(Records for the task begins)

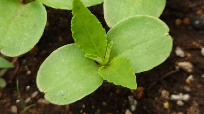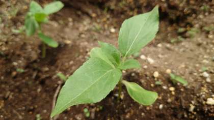 花壇のヒマワリとホウセンカが大きくなってきました。(6月3日)
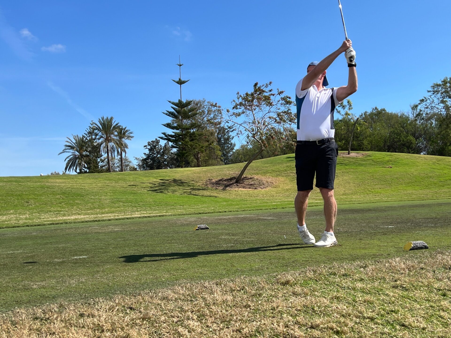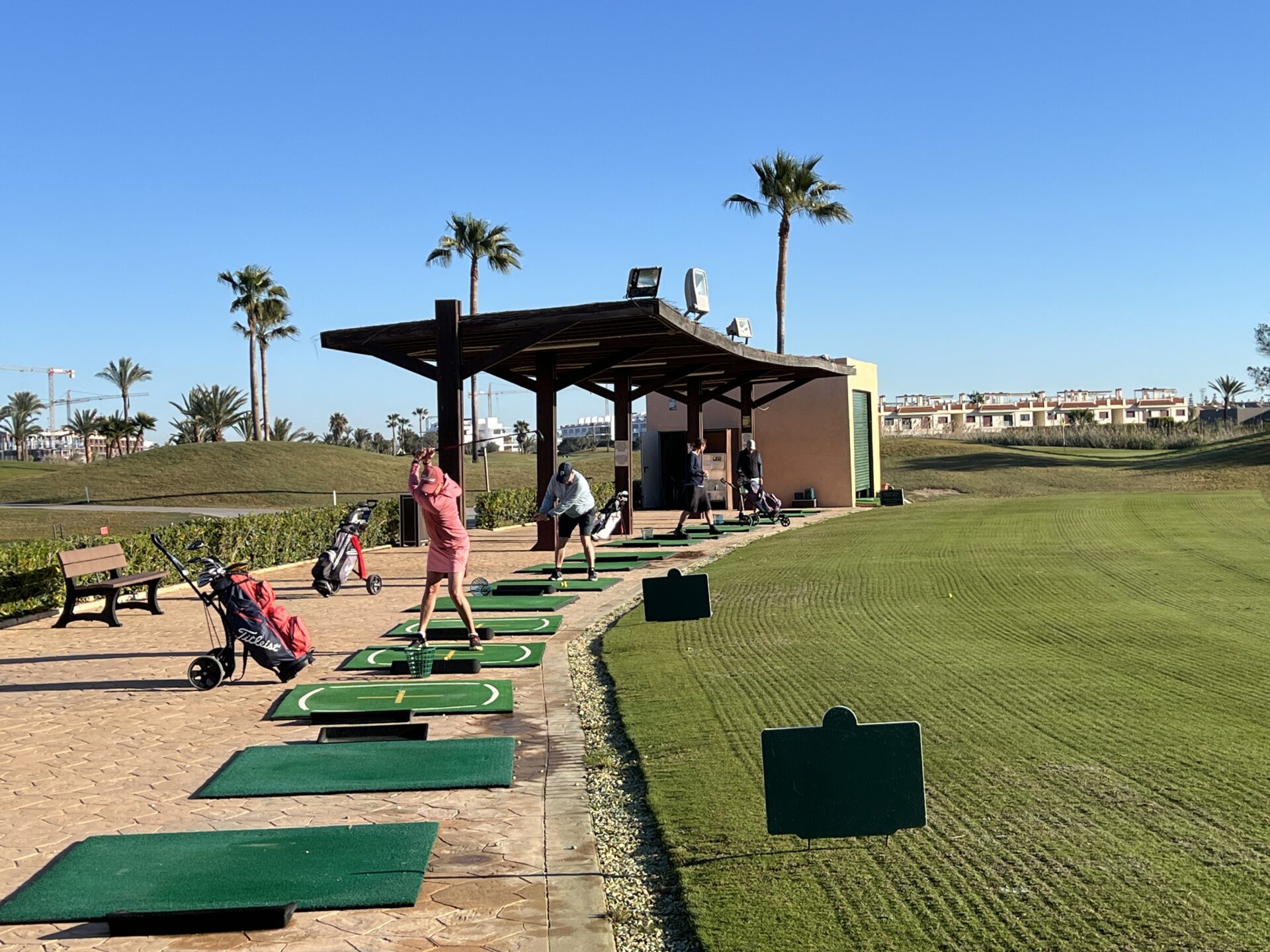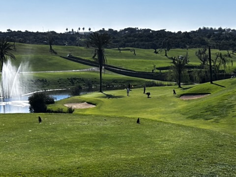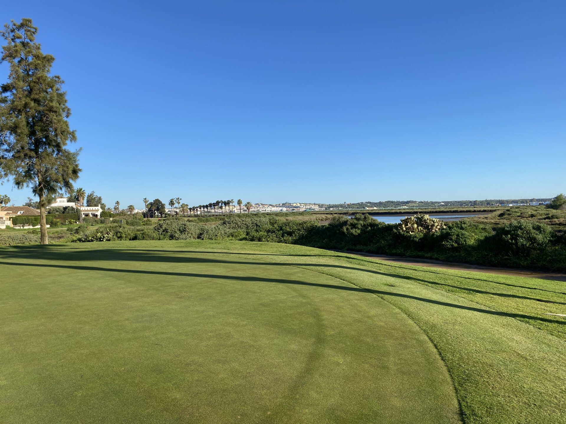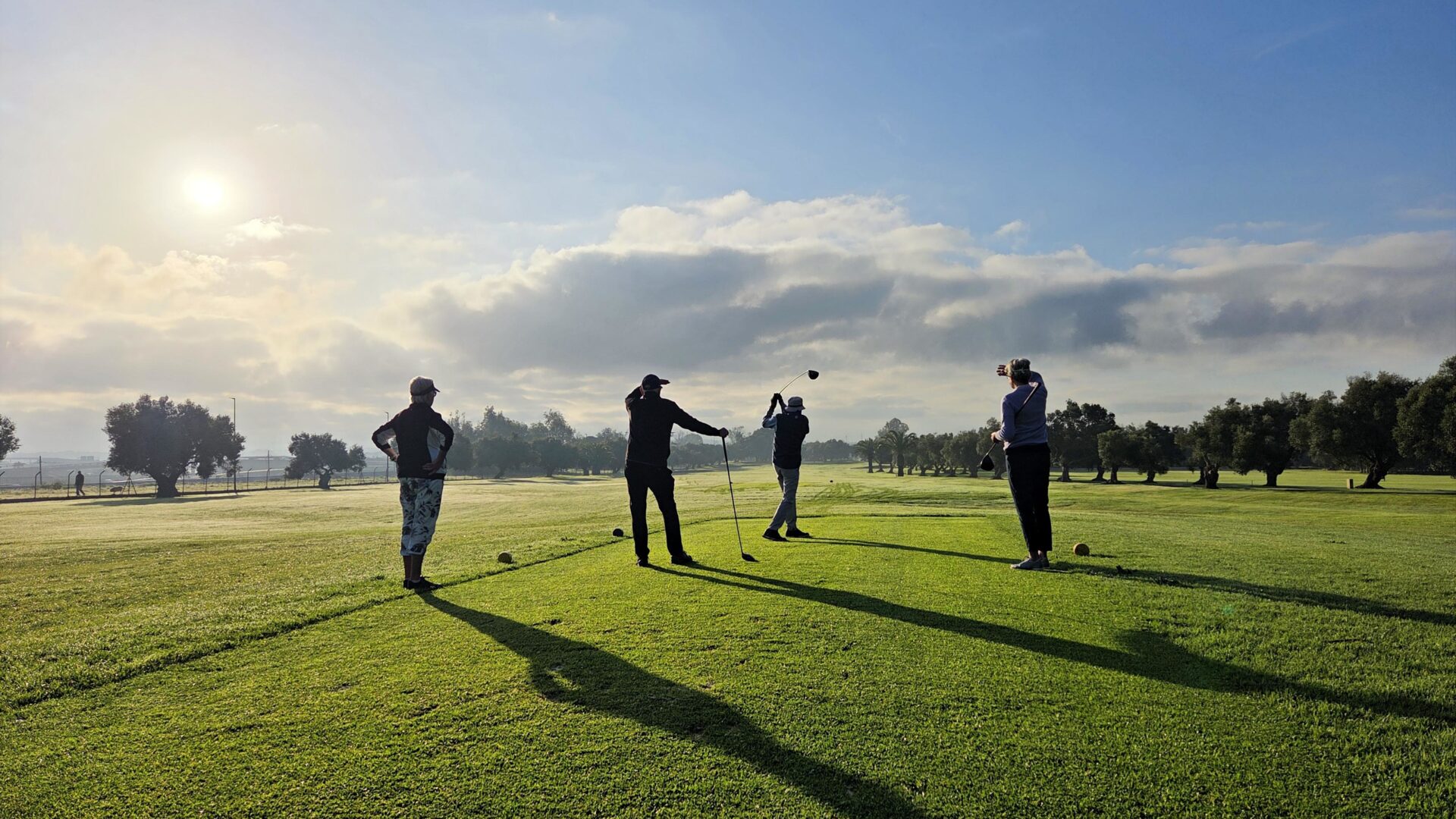 Golfveckan på Hacienda del Álamo avslutades med tävlingen Easton Variant i strålande sommarväder. Från terassen i klubbhuset syns tre Eastongäng på väg in på 18:e hålet, en lång par 5:a.
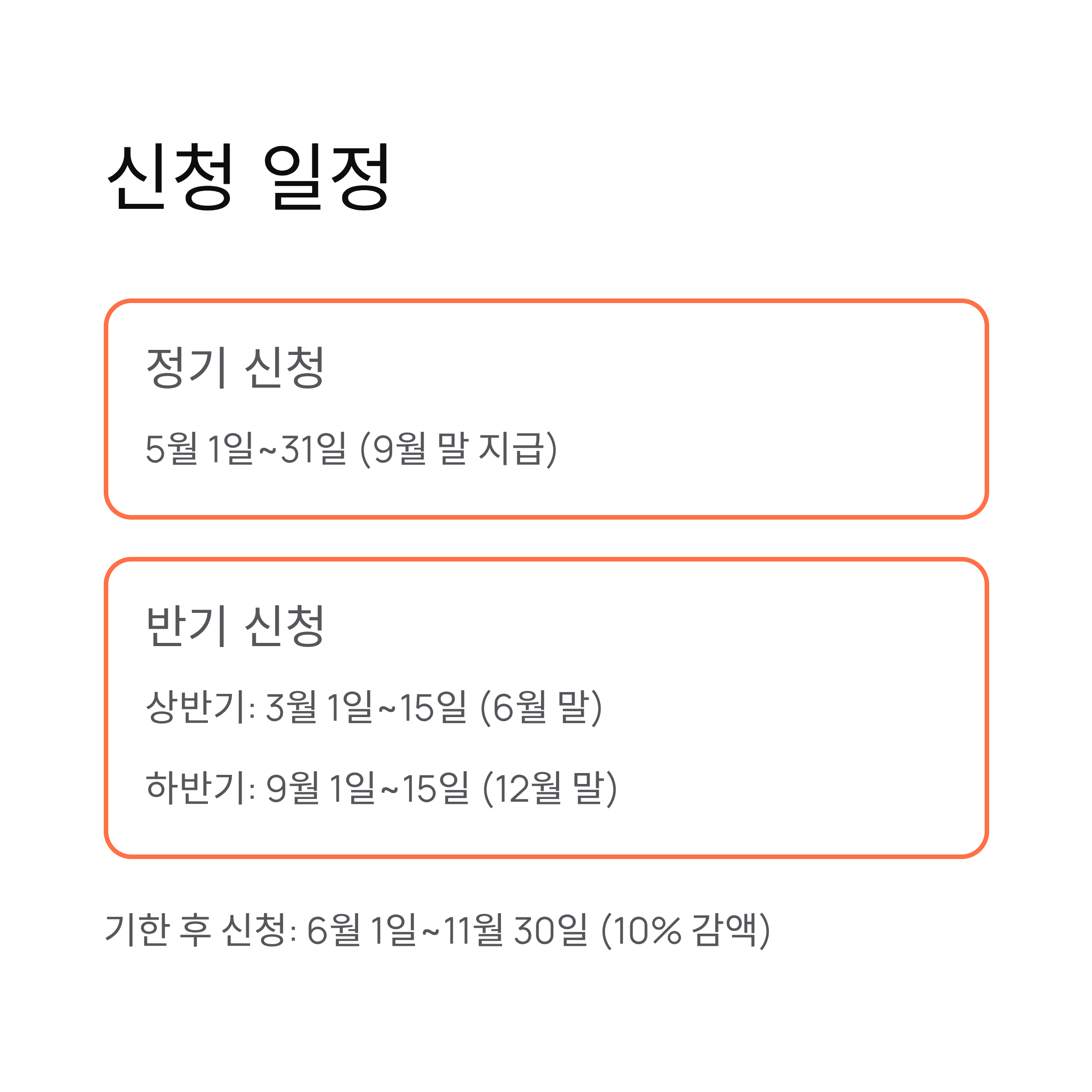 - 기한 내 신청이 원칙이지만, 기한 후 신청을 하면 10% 감액 지급되므로 반드시 5월 내 정기 신청을 권장합니다.
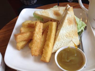 お店でカヤトースト単品、サンドイッチセットをオーダーしたらセットにはゆで卵とコーヒーがついてきます。茹で卵のゆで加減を聞かれたので5分熟(半分火が通った感じ)と言うと、殆ど火が通ってないくらいの卵が出てきました。フライドポテトに見える物はパンを揚げたもので、一緒についてくるカヤペーストにつけて食べるものです。カヤトーストにはバターとカヤペーストが挟まれていてカロリー高そう。でも美味しかったです。コーヒーもブラックとかはなく、砂糖とミルクがあらかじめ入った濃いめのコーヒーが出てきます。
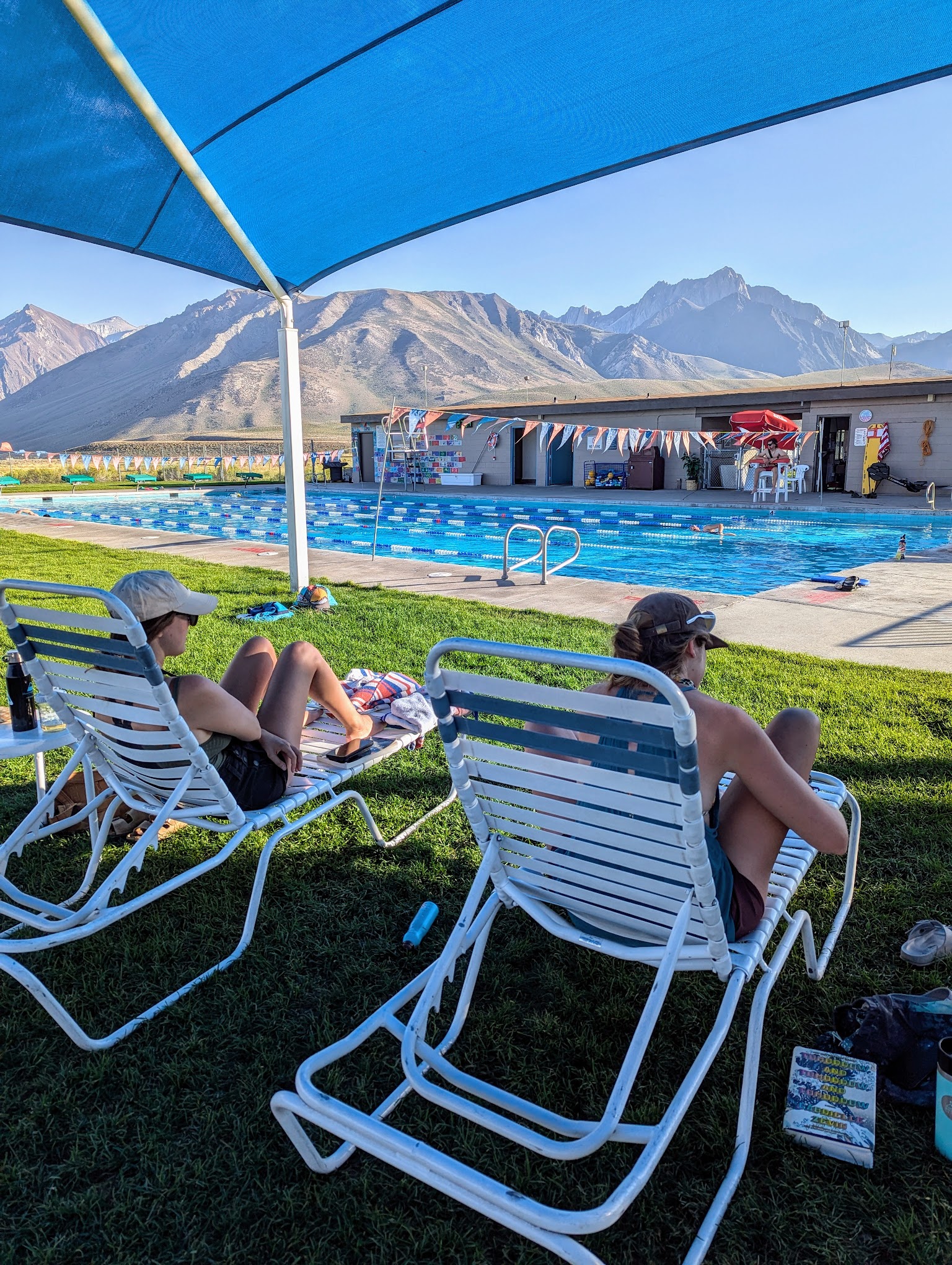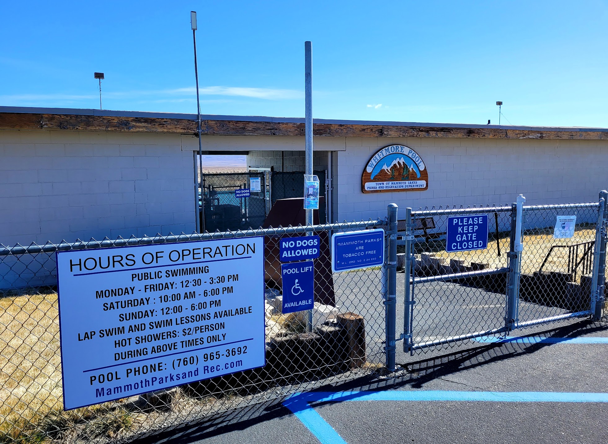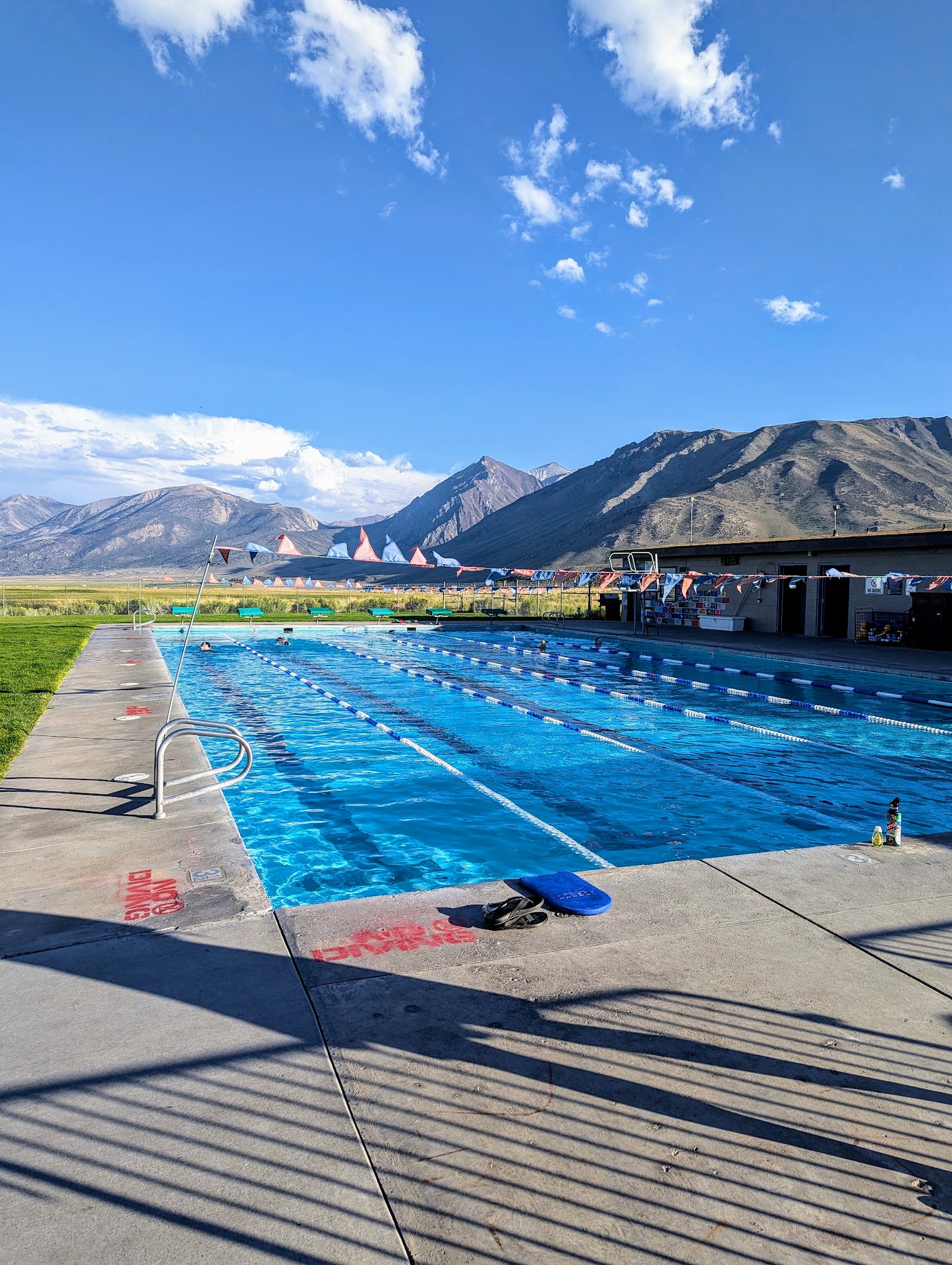 First time here for an evening lap swim! What an amazing experience to be able to swim outdoors, especially with my adult son...in this kind of environment... wowzers !! Only 6 bucks to swim, showers, and a clean locker room awaits you afterwards. Bring your own towel. The water feels amazingly silky, it's extremely clean, and even feels like it has more buoyancy! For those who don't swim(no charge)...they provide a very nice grassy area with shade tarps to lounge and enjoy the incredible view while waiting for those who do swim. If you're a lap swimmer and in the Mammoth Lakes area, I highly recommend the very short drive over to the Whitmore Pool. I swear I cut 5 mins off my previous time 💥😂 a must experience that you won't soon forget!
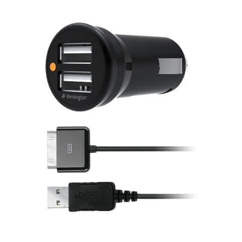 La firma Kensignton dispone de un modelo con doble salida USB, con 4,2Ah de carga, necesarios y suficientes para cargar las tabletas y equipos que más energía necesitan. Tienen 2,1 amperios de intensidad en cada conector, y son capaces de cargar dispositivos que requieren más intensidad, como el iPad, por ejemplo, sin necesidad de usar un cargador especial a medida.
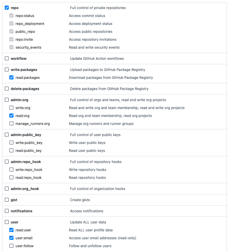 Define the scope for the token then click Generate token. Use the following scope to ingest all required data into Observe:
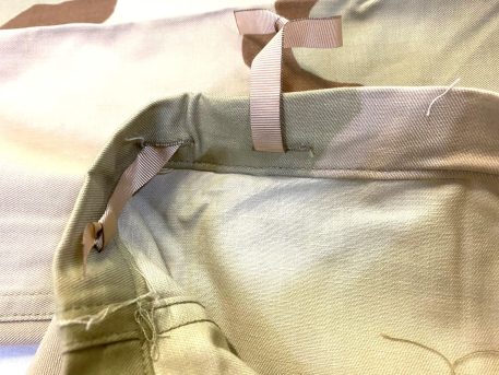 *BROWNED AND STAINED* 3 color desert camo trousers. 1990 dates. Size Xtra-Large Short . 50 % cotton. 50 % Nylon *NOTE* These are an earlier version of the bdu, there is no seat pad on these, seat pad “stitching”.

(Records for the task ends)

■ Required action ■
Starting with the first line of the data above and ending with the line containing "お店でカヤトースト単品、サン", please restate every line exactly, leaving images out.

■ Solution below ■
 花壇のヒマワリとホウセンカが大きくなってきました。(6月3日)
 Golfveckan på Hacienda del Álamo avslutades med tävlingen Easton Variant i strålande sommarväder. Från terassen i klubbhuset syns tre Eastongäng på väg in på 18:e hålet, en lång par 5:a.
 - 기한 내 신청이 원칙이지만, 기한 후 신청을 하면 10% 감액 지급되므로 반드시 5월 내 정기 신청을 권장합니다.
 お店でカヤトースト単品、サンドイッチセットをオーダーしたらセットにはゆで卵とコーヒーがついてきます。茹で卵のゆで加減を聞かれたので5分熟(半分火が通った感じ)と言うと、殆ど火が通ってないくらいの卵が出てきました。フライドポテトに見える物はパンを揚げたもので、一緒についてくるカヤペーストにつけて食べるものです。カヤトーストにはバターとカヤペーストが挟まれていてカロリー高そう。でも美味しかったです。コーヒーもブラックとかはなく、砂糖とミルクがあらかじめ入った濃いめのコーヒーが出てきます。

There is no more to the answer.